To test the OpenGL, we execute a minimal example [src]:

from OpenGL.GL import *; from OpenGL.GLUT import *; from OpenGL.GLU import *; import random

def display():
    glClear(GL_COLOR_BUFFER_BIT); glBegin(GL_POINTS)
    x = [0.0,640.0,320.0]; y = [0.0,0.0,480.0];
    curx = 0; cury = 320; glVertex2f(curx,cury)
    for i in range(0,500000):
        idx=random.randint(0,2); curx=(curx+x[idx])/2.0; cury=(cury+y[idx])/2.0
    glEnd(); glFlush()

if __name__ == '__main__':
    glutInitWindowSize(640, 480); glutCreateWindow("Sierpinski"); glutInitDisplayMode(GLUT_SINGLE | GLUT_RGB)
    glClearColor(1.0,1.0,1.0,0.0); glColor3f(0.0,0.0, 0.0); glPointSize(1.0)
    glMatrixMode(GL_PROJECTION); glLoadIdentity(); gluOrtho2D(0.0,640.0,0.0,480.0)

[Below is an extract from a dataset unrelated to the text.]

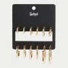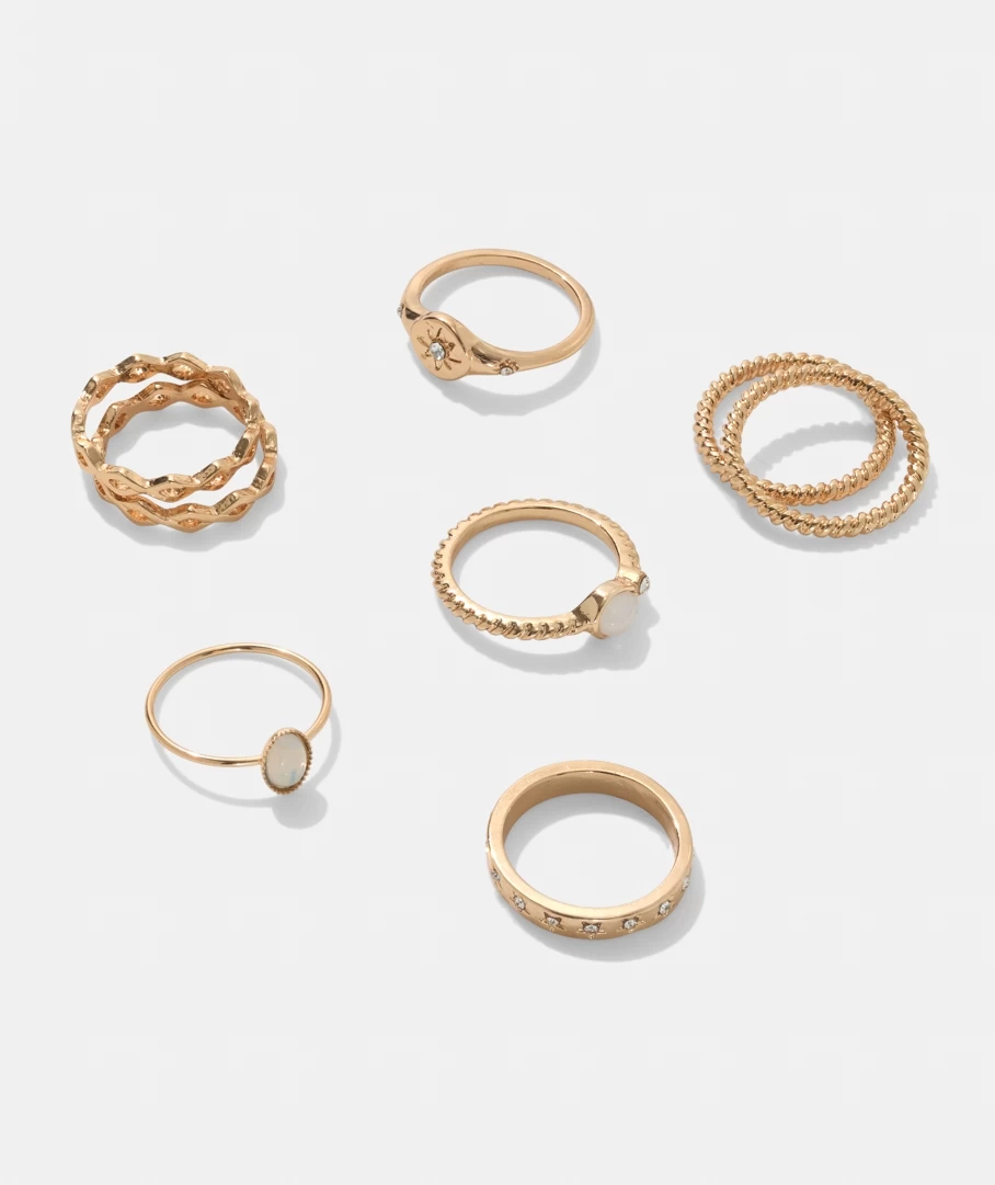 We are all about layering this season and that includes on your fingers! This pack features gold-coloured rings, all in different shapes and sizes. Wear them all at once or mix and match.
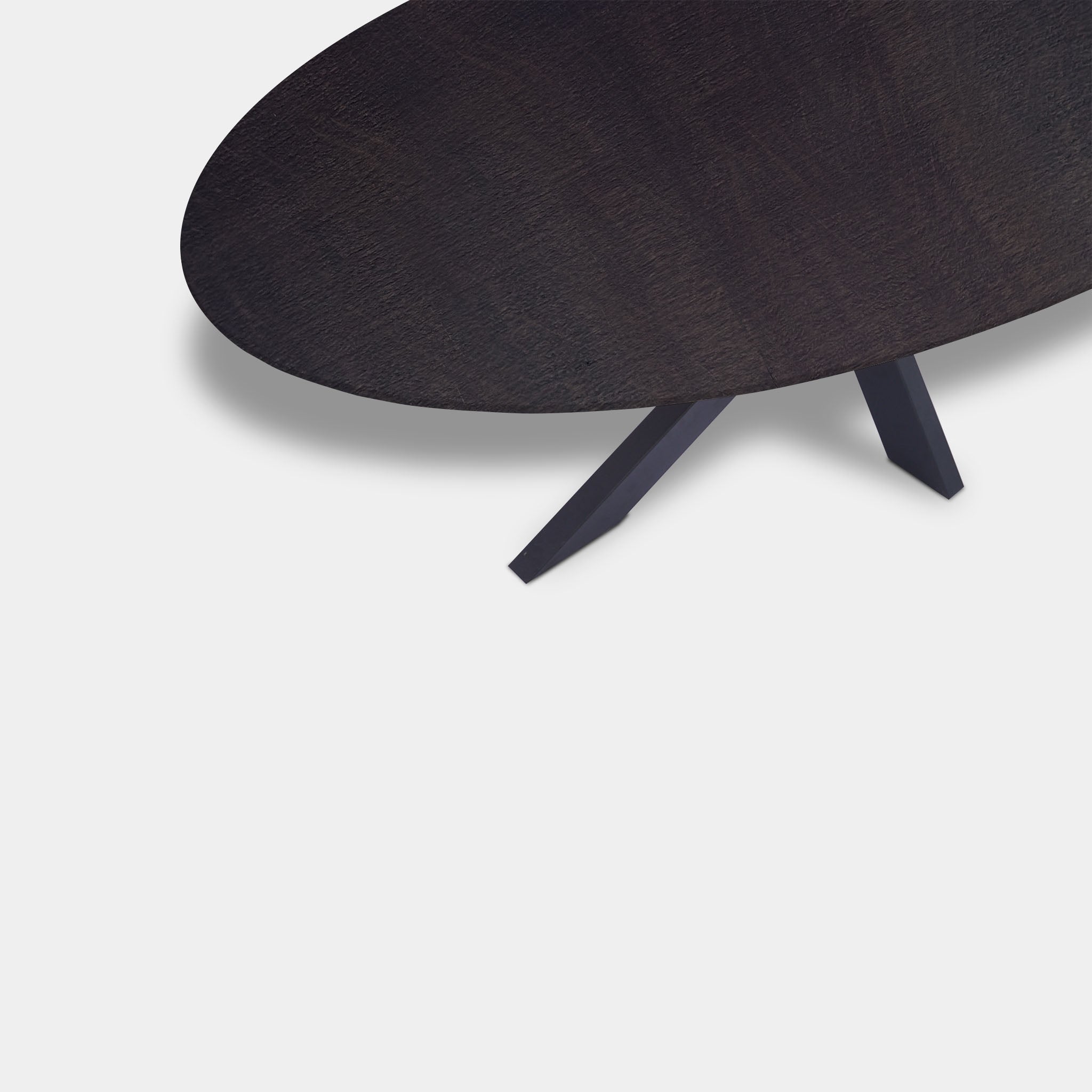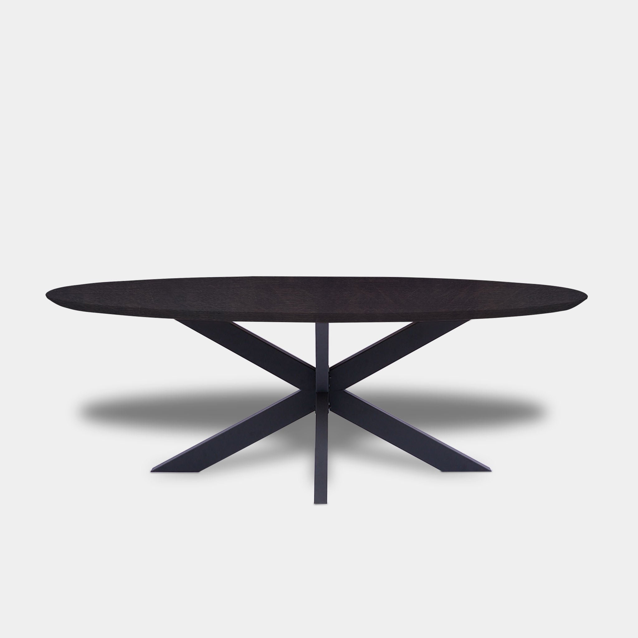 This atmospheric oval table, crafted from solid oak and finished in the deep, warm Night Glow color, exudes class, strength, and refined craftsmanship. Its elegant oval shape creates a soft and inviting look, while the robust black steel matrix base adds a solid, modern touch.

Note that GLUT is the most horrible of OpenGL frameworks; QT/PySide [docs] would be the most full-blown. A middle ground and more compact framework is SDL/pygame, tested as follows (with ball texture):

import pygame
from pygame.locals import KEYDOWN, K_ESCAPE

if __name__ == "__main__":
    pygame.init(); keep_running = True
    size = width, height = 320, 240; speed = [2, 2]; black = 0, 0, 0
    screen = pygame.display.set_mode(size, pygame.HWSURFACE)
    ball = pygame.image.load("ball.gif"); ballrect = ball.get_rect()
    while keep_running:
        for event in pygame.event.get():
            if event.type == pygame.QUIT or (event.type == KEYDOWN and event.key == K_ESCAPE):
                pygame.display.set_caption("Shutting down...")
                keep_running = False
        # Move the ball, bounce back on borders.
        ballrect = ballrect.move(speed)
        speed[0] = -speed[0] if ballrect.left < 0 or ballrect.right > width else speed[0]
        speed[1] = -speed[1] if < 0 or ballrect.bottom > height else speed[1]
        # Fill the background screen buffer, then flip.
        screen.fill(black); screen.blit(ball, ballrect)
        pygame.display.flip(); pygame.time.wait(10)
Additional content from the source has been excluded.